Effect of poly lactic-co-glycolic acid encapsulation on drug delivery kinetics from vancomycin-impregnated Ca-Mg silicate scaffolds

Abstract

The identification of drug delivery mechanisms is critical to design a device that offers a drug release kinetics within the therapeutic window. In this paper, the drug release kinetics of bioresorbable tissue engineering scaffolds coated/uncoated with biodegradable polymer layers is studied. Interconnectedly porous bredigite (MgCa7Si4O16) scaffolds were fabricated by a sacrificial urethane foam replica method, loaded with vancomycin hydrochloride (C66H75Cl2N9O24) and then encapsulated in poly lactic-co-glycolic acid (PLGA, LA/GA = 50:50) coatings of two different thicknesses. Field-emission scanning electron microscopy (FESEM) and Fourier-transform infrared spectroscopy (FTIR) were used to verify the macroporous morphology and chemical constituents of the devices. The release profiles of vancomycin from these systems into phosphate buffered saline (PBS) at 37 °C were also recorded by ultraviolet-visible (UV–vis) spectroscopy. To explore the dominant drug delivery mechanisms, the experimental data of the drug release was then fitted with several drug delivery mathematical models, including the Higuchi, Hixson-Crowell, Korsmeyer-Peppas, Peppas-Sahlin, Weibull, zero-order and first-order.
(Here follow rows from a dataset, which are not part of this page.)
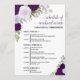 Ces belles cartes sont conçues pour informer vos invités du programme de votre célébration de mariage. Le design chic rustique boho comprend des roses peintes à la main à l'aquarelle, des feuilles d'eucalyptus et de la verdure de jardin dans des tons de pourpre, prune et lavande. Le devant comporte une liste d'événements pour tout le week-end, et le dos présente un calendrier détaillé pour le jour du mariage lui-même. Excellent ajout à un sac d'accueil de mariage, et une merveilleuse façon de remercier vos invités de célébrer avec vous !
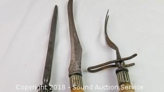 Can only make out writing on the honing rod, marked "Wolstenholme".
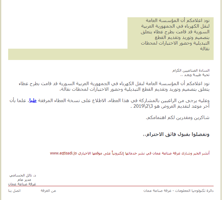 نود اعلامكم أن المؤسسة العامة لنقل الكهرباء في الجمهورية العربية
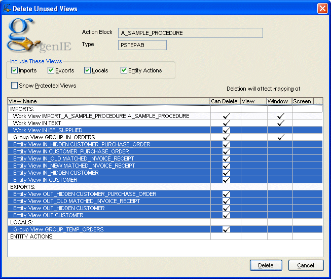 Deleting unused views with genIE is simple - the views that can be deleted are calculated by genIE. To delete them, highlight the views to be deleted and press the Delete button.
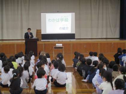 また、今年度は北下支部の育成学級の行事が本校で何度か行われます。育成学級の紹介も交えながら、支部の育成学級の子たちとの交流についてのお話もありました。
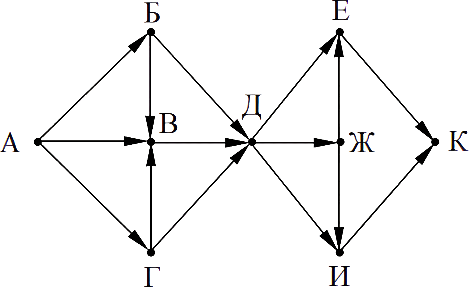 На рисунке — схема дорог, связывающих пункты А, Б, В, Г, Д, Е, Ж, И, К.
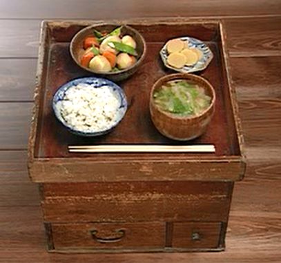 地方から船で輸送される保存の効く米、味噌、干物、漬物、等が普段の食事の中心だったので
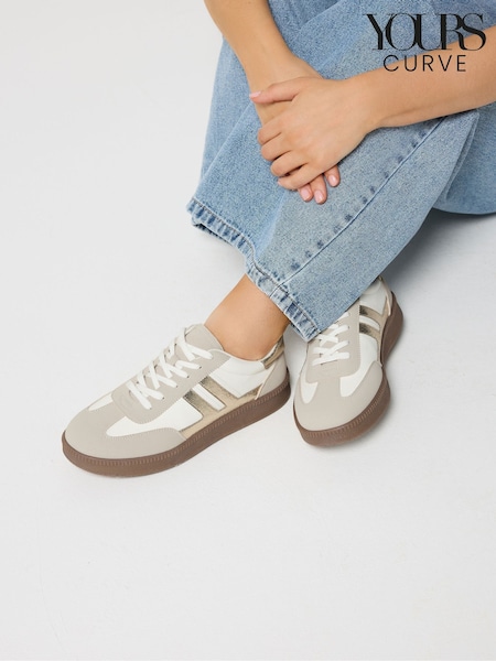 Yours Curve Natural E Wide Fit Side Stripe Lace Up Trainers
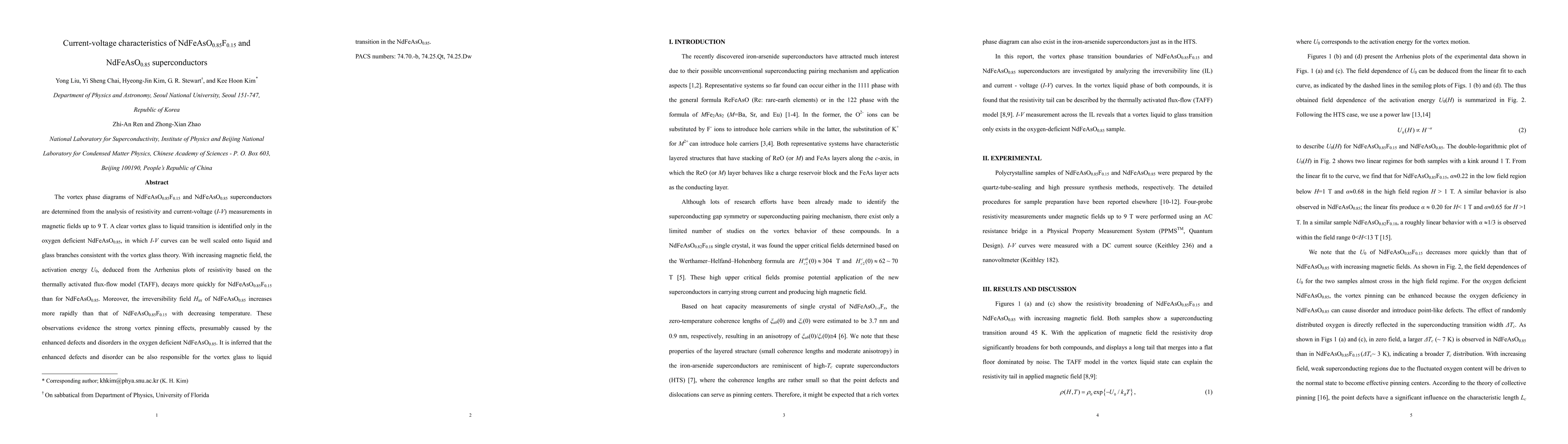 The vortex phase diagrams of NdFeAsO0.85F0.15 and NdFeAsO0.85 superconductors are determined from the analysis of resistivity and current-voltage (I-V) measurements in magnetic fields up to 9 T. A clear vortex glass to liquid transition is identified only in the oxygen deficient NdFeAsO0.85, in which I-V curves can be well scaled onto liquid and glass branches consistent with the vortex glass theory. With increasing magnetic field, the activation energy U0, deduced from the Arrhenius plots of resistivity based on the thermally activated flux-flow model (TAFF), decays more quickly for NdFeAsO0.85F0.15 than for NdFeAsO0.85. Moreover, the irreversibility field Hirr of NdFeAsO0.85 increases more rapidly than that of NdFeAsO0.85F0.15 with decreasing temperature. These observations evidence the strong vortex pinning effects, presumably caused by the enhanced defects and disorders in the oxygen deficient NdFeAsO0.85. It is inferred that the enhanced defects and disorder can be also responsible for the vortex glass to liquid transition in the NdFeAsO0.85.
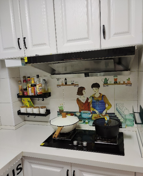 这是厨房,定制了白色的橱柜,燃气灶墙上做了一些装饰,显得比较好看,太温馨,太幸福的画面了。墙上的空间利用起来,安装了非常实用的置物架,可以方便收纳一些调料,非常实用。
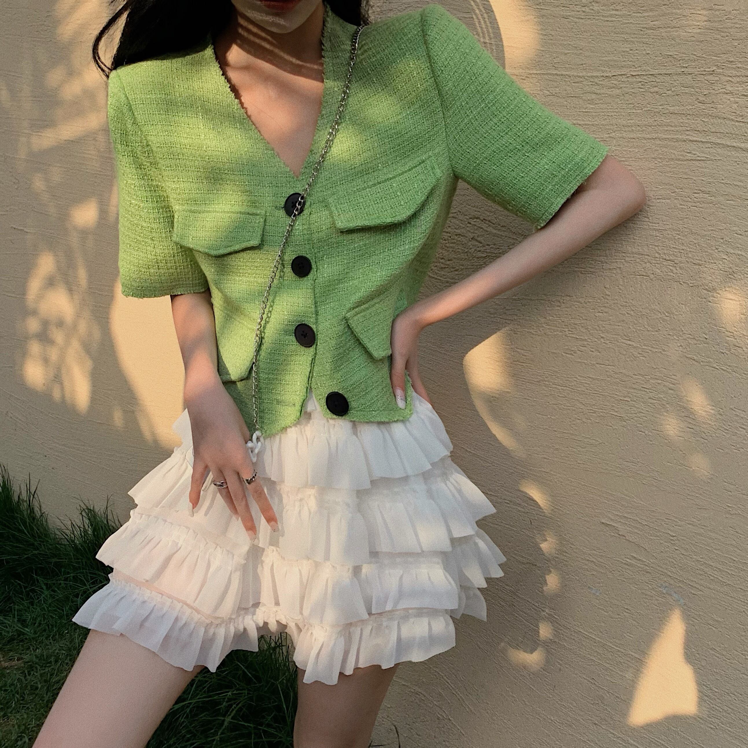 色:グリーントップシングルピース,ケーキスカートワンピース
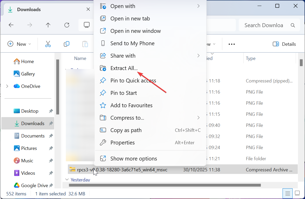 Bezoek de officiële RPCS3-site en download de nieuwste Windows-build. Klik met de rechtermuisknop op de map en selecteer Alles uitpakken. Klik vervolgens op de knop Uitpakken in de volgende pop-up om de bestanden uit te pakken.
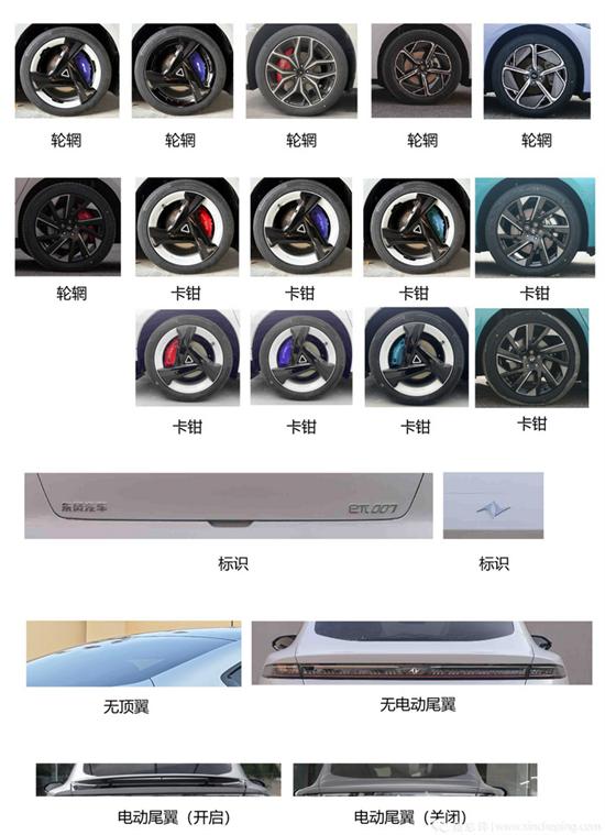 配置选装方面,eπ007提供多样化的个性定制选项,包括不同样式的轮圈、多色刹车卡钳、特殊标识、顶翼以及电动尾翼等,满足消费者对个性化的需求。
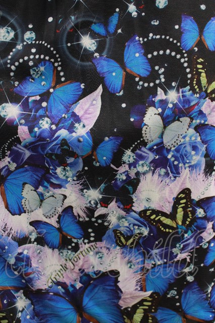 Triple fortune / チャイナカラーワンピース ミッドナイトバタフライ 黒×青 H-25-01-26-001-EL-OP-KB-ZH
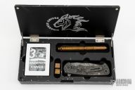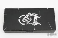 We brought back the custom box from last year that will house all parts of the complete set, but we put it through the ringer and applied the BPU theme to the box and lid. The aluminum display started with the base of the box being a SOLID billet of aluminum and then we CNC milled the entire box from that solid billet inside and out! The lid is also aluminum with adjustable magnetic closures to keep the lid closed and custom made titanium lid stops that fold neatly into the base. Also, the lid is mill engraved with the RHK Horse Head logo inside and out! The Type 3 black hardcoat anodizing is then highlighted around the edges of the lid making for a very nice, elegant look! The display box alone is a real treat in quality!!
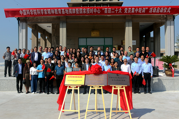 9月29日,中国科学院国家授时中心在蒲城县授时部举行科学家精神教育基地揭牌暨“喜迎二十大,党员集中轮训”活动启动仪式。中国科学院西安分院分党组副书记詹瑞等与国家授时中心领导班子成员、授时部班子成员及党员代表、临潼本部新任党支部委员等70余人参加仪式。仪式由国家授时中心纪委书记李晋芳主持。
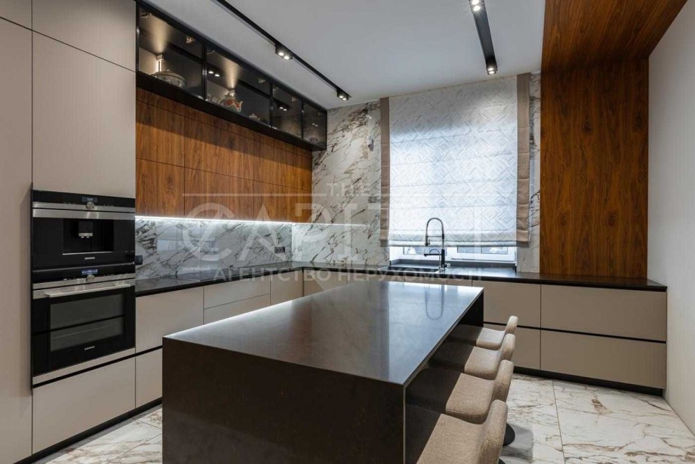 Кухня функціональна й продумана до деталей, укомплектована якісною побутовою технікою Siemens, зручно організована для активного використання та сімейних вечерь.
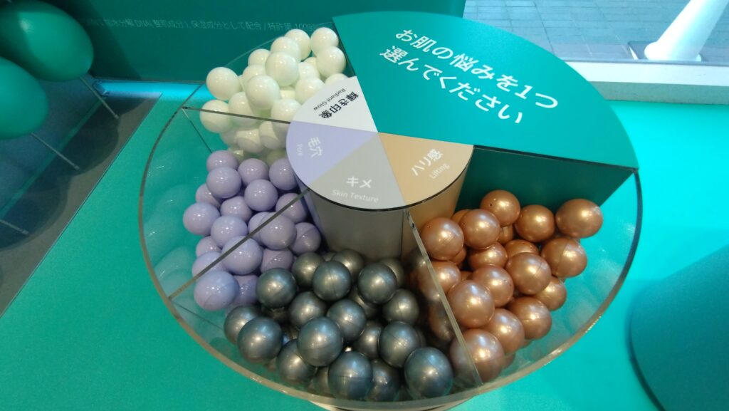 さらに会場では、「ハリ肌」「キメ」「毛穴」「輝き印象」の4つから肌悩みに合わせたカラーのボールを選びます。この肌悩みボールを持っていると、スタッフさんが肌悩みに合ったシリーズを提案してくれるのです!
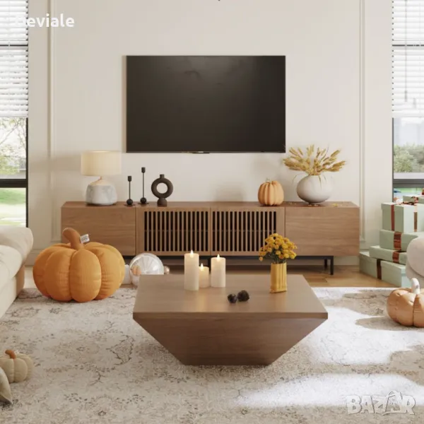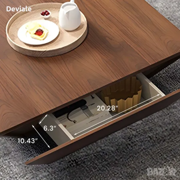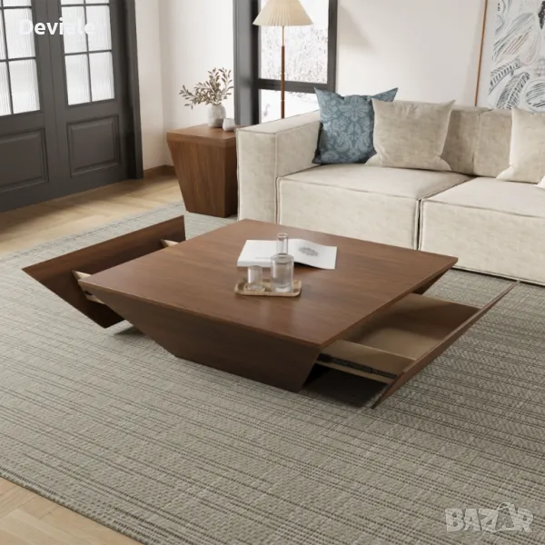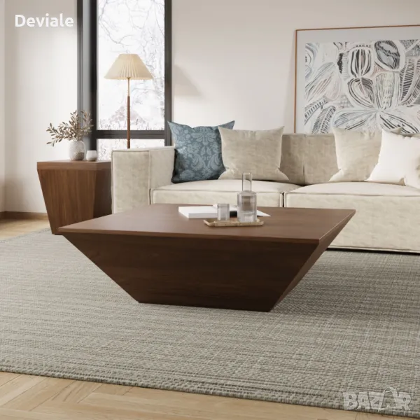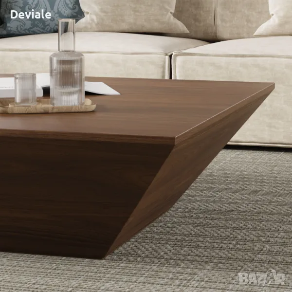 Модерна Минималистична дървена трапецовидна холна масичка за кафе с място за съхранение, орехов фурн

Comparing the correlation coefficient of the regressions as a measure of goodness-of-fit, it was found that vancomycin release from the bare scaffold is subjected to a dissolution-controlled kinetics, whereas the PLGA-coated scaffolds mainly display a combination of diffusion- and dissolution-controlled mechanisms for the drug release. It can be accordingly concluded that the bredigite scaffolds are a versatile device for different local drug delivery strategies offering rapid, single-stage and dissolution-controlled release kinetics that can be easily modulated into a diffusion-controlled, biphasic and prolonged release through biopolymer coating.